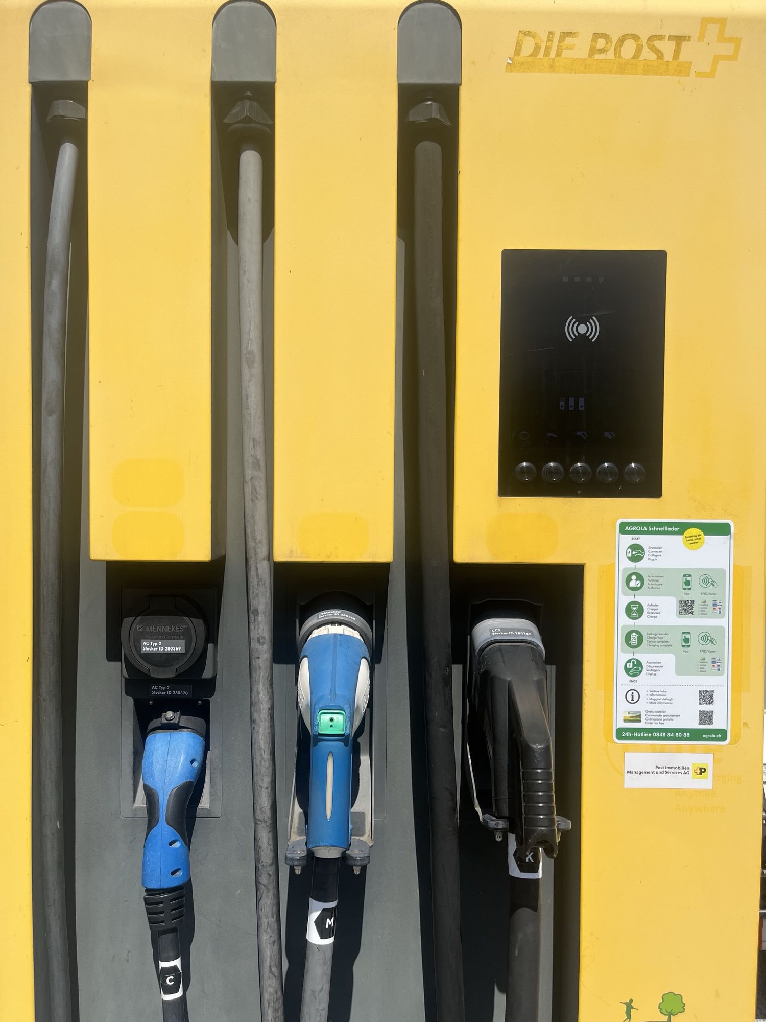 TANKEN SIE ELEKTROMOBILITÄT AUS SOLARENERGIE BEI AGROLA! AGROLA baut ihr Netz an Ladestationen (bis zu 320 kW) ständig aus. Bereits heute laden Sie Ihr Elektrofahrzeug bequem mit Schweizer Solarstrom. Teilweise überdacht finden Sie an den Schnell-Ladestationen zudem TopShop und WC. Geniessen Sie während dem Aufladen einen Kaffee, erledigen Sie Einkäufe, und machen sich dann wieder auf den Weg an Ihr Ziel. Mit der AGROLA e-Mob-App und powercard zahlen Sie ohne Abokosten und könnn diese schweizweit und im Ausland dank der Partnerschaft mit Swisscharge nutzen.
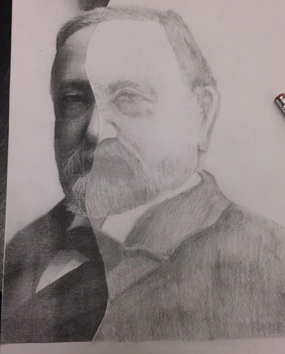 Here is a picture of Benjamin Harrison that I drew in 7th grade. The left side is printed, and I had to draw the other side and make it look as realistic as possible
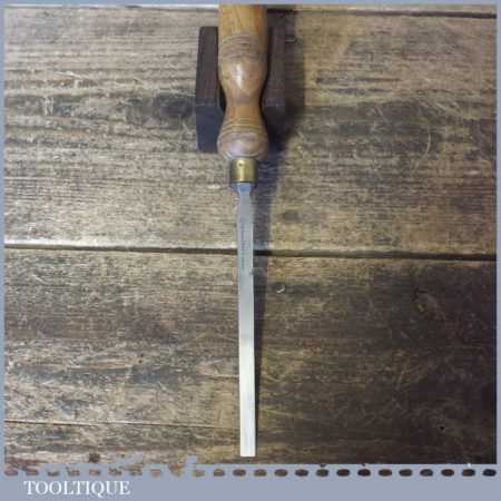 The chisel has been checked to ensure the tang is seated properly and the handle is solid and fit for use. All refurbished chisels are water cooled during the sharpening process to ensure the tempering is not affected. These old cast steel chisels are hand forged and far superior in quality because of the high carbon steel that was used which produces a keener edge, this was also generally used throughout the full length.
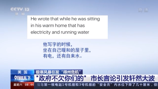 2011年,得克萨斯州就曾经历过一场类似的冬季风暴,导致大面积断电。美国能源专家在接受总台采访时指出,最新的这场“得州危机”说明得州政府根本就没能吸取十年前的教训,向电网注入更多投资,得州电网从设计到应对都存在“明显不足”。
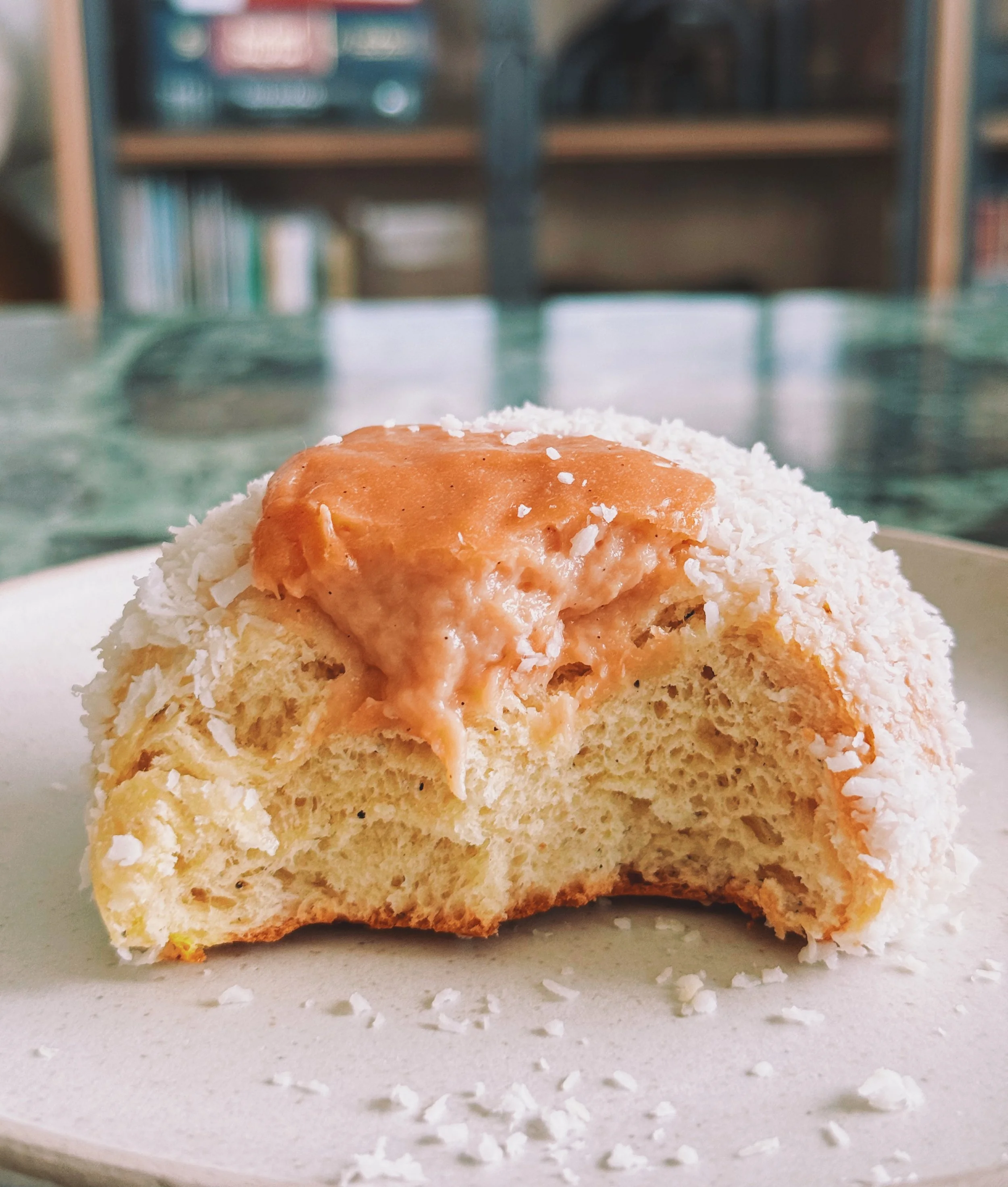 It is a tender, soft, pillowy cardamom-infused bun traditionally baked with a vanilla custard and coated with white icing and shredded coconut. It’s my all-time favorite pastry. I wanted to add a spring twist to these by adding homemade rhubarb puree to the custard. This gives it a nice tang, and the rhubarb pairs wonderfully with the cardamom and coconut.
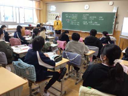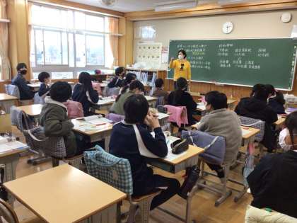 6年生の社会科の授業です。教室の中にある、税金が使われている物を見つけて、発表していました。

EXERCISE GOAL:
Would you please print out all the records above exactly, minus any pictures?

EXERCISE RESPONSE:
 TANKEN SIE ELEKTROMOBILITÄT AUS SOLARENERGIE BEI AGROLA! AGROLA baut ihr Netz an Ladestationen (bis zu 320 kW) ständig aus. Bereits heute laden Sie Ihr Elektrofahrzeug bequem mit Schweizer Solarstrom. Teilweise überdacht finden Sie an den Schnell-Ladestationen zudem TopShop und WC. Geniessen Sie während dem Aufladen einen Kaffee, erledigen Sie Einkäufe, und machen sich dann wieder auf den Weg an Ihr Ziel. Mit der AGROLA e-Mob-App und powercard zahlen Sie ohne Abokosten und könnn diese schweizweit und im Ausland dank der Partnerschaft mit Swisscharge nutzen.
 Here is a picture of Benjamin Harrison that I drew in 7th grade. The left side is printed, and I had to draw the other side and make it look as realistic as possible
 The chisel has been checked to ensure the tang is seated properly and the handle is solid and fit for use. All refurbished chisels are water cooled during the sharpening process to ensure the tempering is not affected. These old cast steel chisels are hand forged and far superior in quality because of the high carbon steel that was used which produces a keener edge, this was also generally used throughout the full length.
 2011年,得克萨斯州就曾经历过一场类似的冬季风暴,导致大面积断电。美国能源专家在接受总台采访时指出,最新的这场“得州危机”说明得州政府根本就没能吸取十年前的教训,向电网注入更多投资,得州电网从设计到应对都存在“明显不足”。
 It is a tender, soft, pillowy cardamom-infused bun traditionally baked with a vanilla custard and coated with white icing and shredded coconut. It’s my all-time favorite pastry. I wanted to add a spring twist to these by adding homemade rhubarb puree to the custard. This gives it a nice tang, and the rhubarb pairs wonderfully with the cardamom and coconut.
 6年生の社会科の授業です。教室の中にある、税金が使われている物を見つけて、発表していました。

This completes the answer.